#### Data excerpt:
----

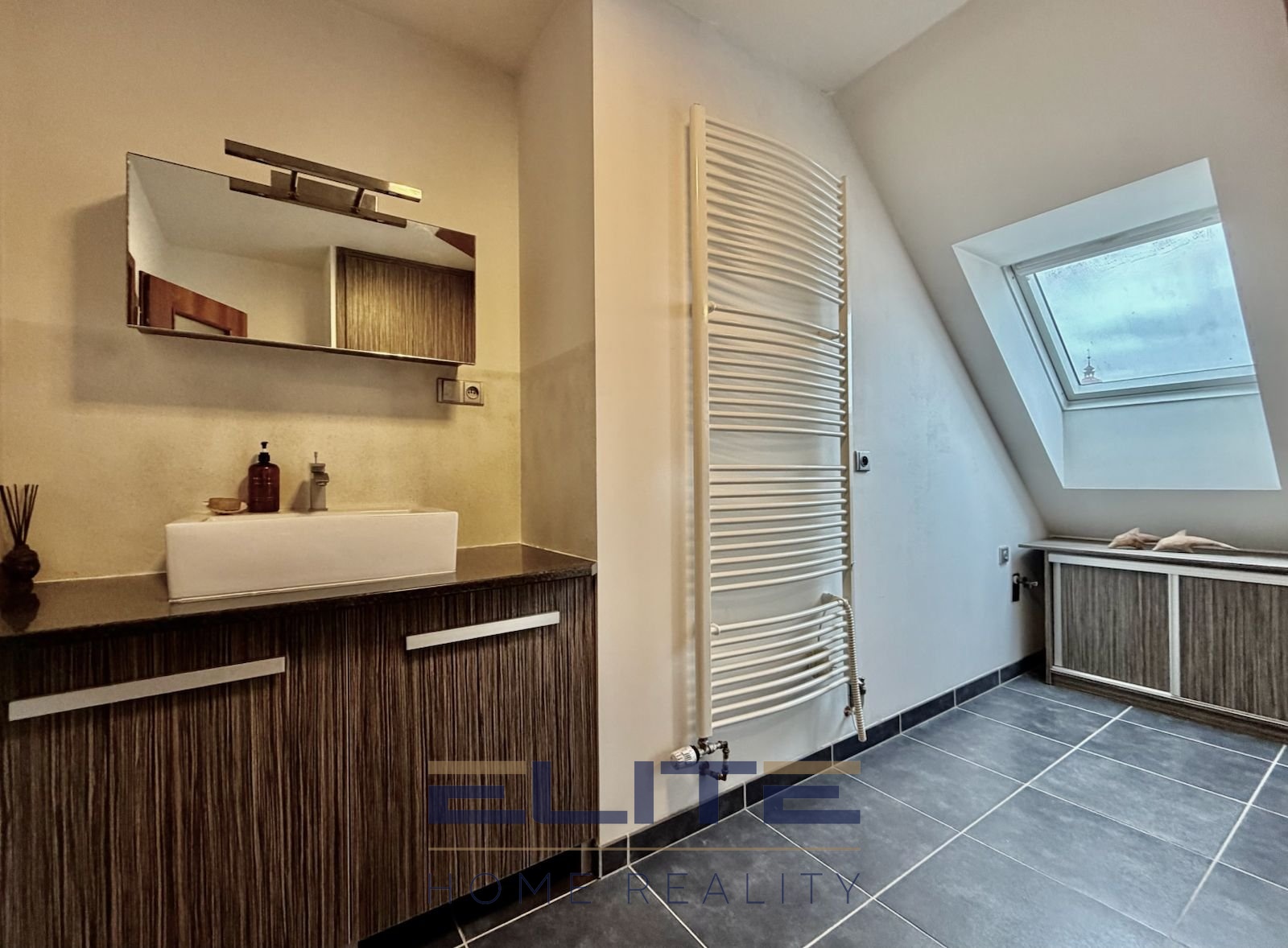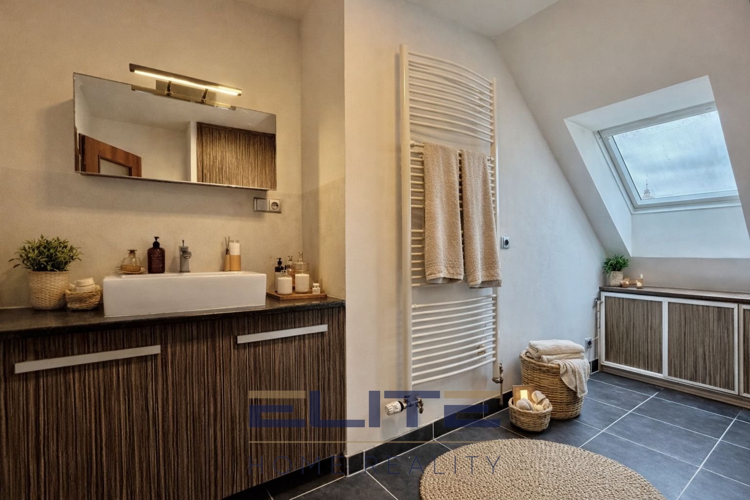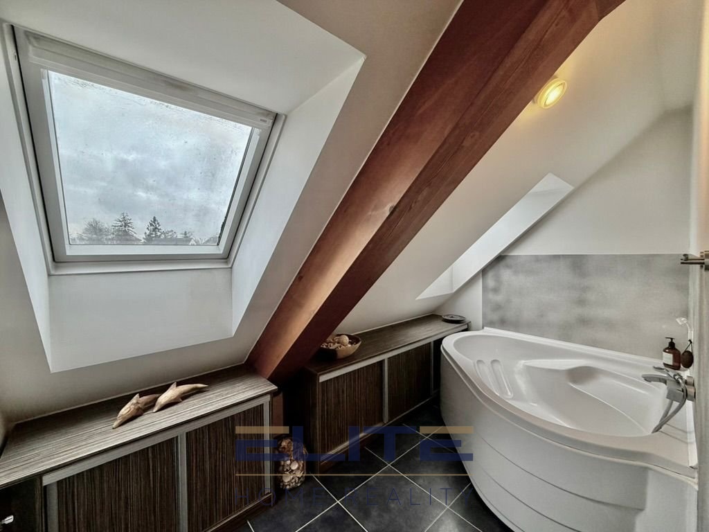 V obytných místnostech jsou plovoucí podlahy, v celém bytě dřevěné obložkové dveře, samozřejmostí jsou bezpečnostní vstupní dveře. Koupelna je vybavena WC systémem Geberit a vkusným nábytkem na míru, ve kterém je umístěn/skryt plynový kotel Viessmann, zajišťující vytápění i ohřev teplé vody. Všechna okna jsou značky Velux, která zajišťují dostatek denního světla. V koupelně prakticky plastová, v obytných částech dřevěná.
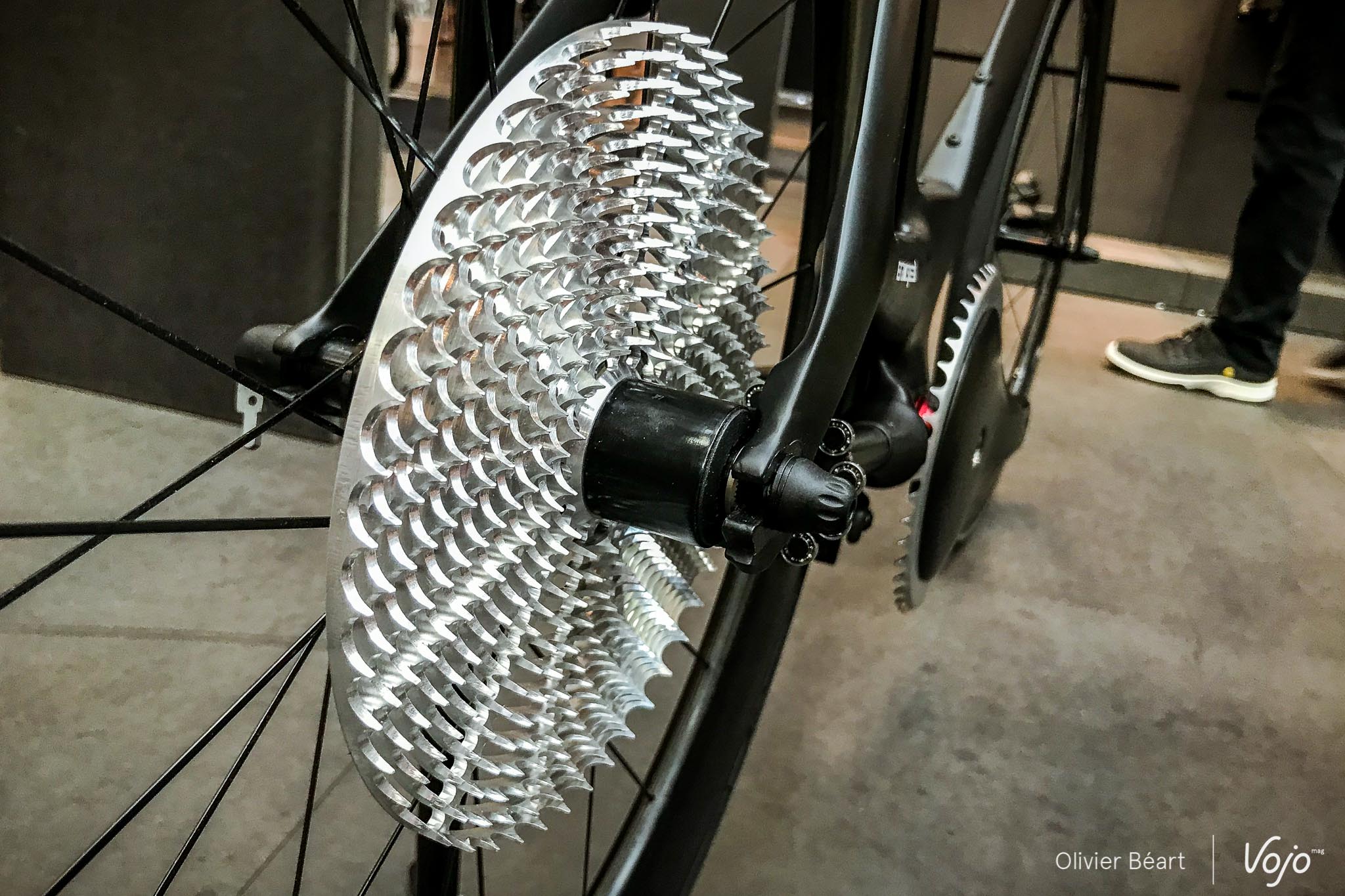 Quant à la cassette, elle mérite qu’on s’y attarde car elle est… complètement plate ! La tête de l’arbre se déplace longitudinalement sur les rapports de la cassette, qui en compte actuellement 13 sur ce concept. « Mais si on le souhaite, on peut en mettre bien plus. Théoriquement, on pourrait en mettre jusqu’à la jante et avoir jusqu’à 25 ou 30 vitesses, voire plus. Bon, cela n’aurait pas vraiment de sens mais cela montre que le concept permet beaucoup plus de libertés qu’une transmission conventionnelle », explique le responsable de la marque.
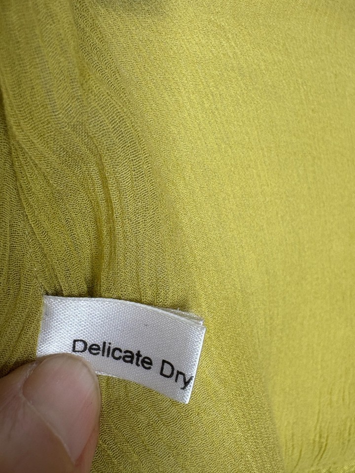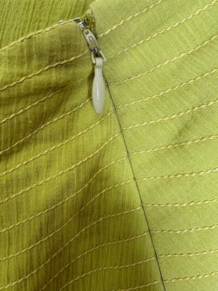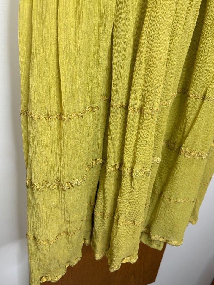 NOTE FLAW: Very tiny spots on a couple areass. See photo. It's hard to see since the fabric crinkles. A snag is also shown which is small and does not distract from the beauty or function of the skirt. Needs dry cleaning. This may correct the spots or can be worn as is?still looks beautiful.Priced accordingly.

----

#### Task instructions:
Transcribe all the lines above exactly; any image among them is skipped.

#### Solution to the exercise:
 V obytných místnostech jsou plovoucí podlahy, v celém bytě dřevěné obložkové dveře, samozřejmostí jsou bezpečnostní vstupní dveře. Koupelna je vybavena WC systémem Geberit a vkusným nábytkem na míru, ve kterém je umístěn/skryt plynový kotel Viessmann, zajišťující vytápění i ohřev teplé vody. Všechna okna jsou značky Velux, která zajišťují dostatek denního světla. V koupelně prakticky plastová, v obytných částech dřevěná.
 Quant à la cassette, elle mérite qu’on s’y attarde car elle est… complètement plate ! La tête de l’arbre se déplace longitudinalement sur les rapports de la cassette, qui en compte actuellement 13 sur ce concept. « Mais si on le souhaite, on peut en mettre bien plus. Théoriquement, on pourrait en mettre jusqu’à la jante et avoir jusqu’à 25 ou 30 vitesses, voire plus. Bon, cela n’aurait pas vraiment de sens mais cela montre que le concept permet beaucoup plus de libertés qu’une transmission conventionnelle », explique le responsable de la marque.
 NOTE FLAW: Very tiny spots on a couple areass. See photo. It's hard to see since the fabric crinkles. A snag is also shown which is small and does not distract from the beauty or function of the skirt. Needs dry cleaning. This may correct the spots or can be worn as is?still looks beautiful.Priced accordingly.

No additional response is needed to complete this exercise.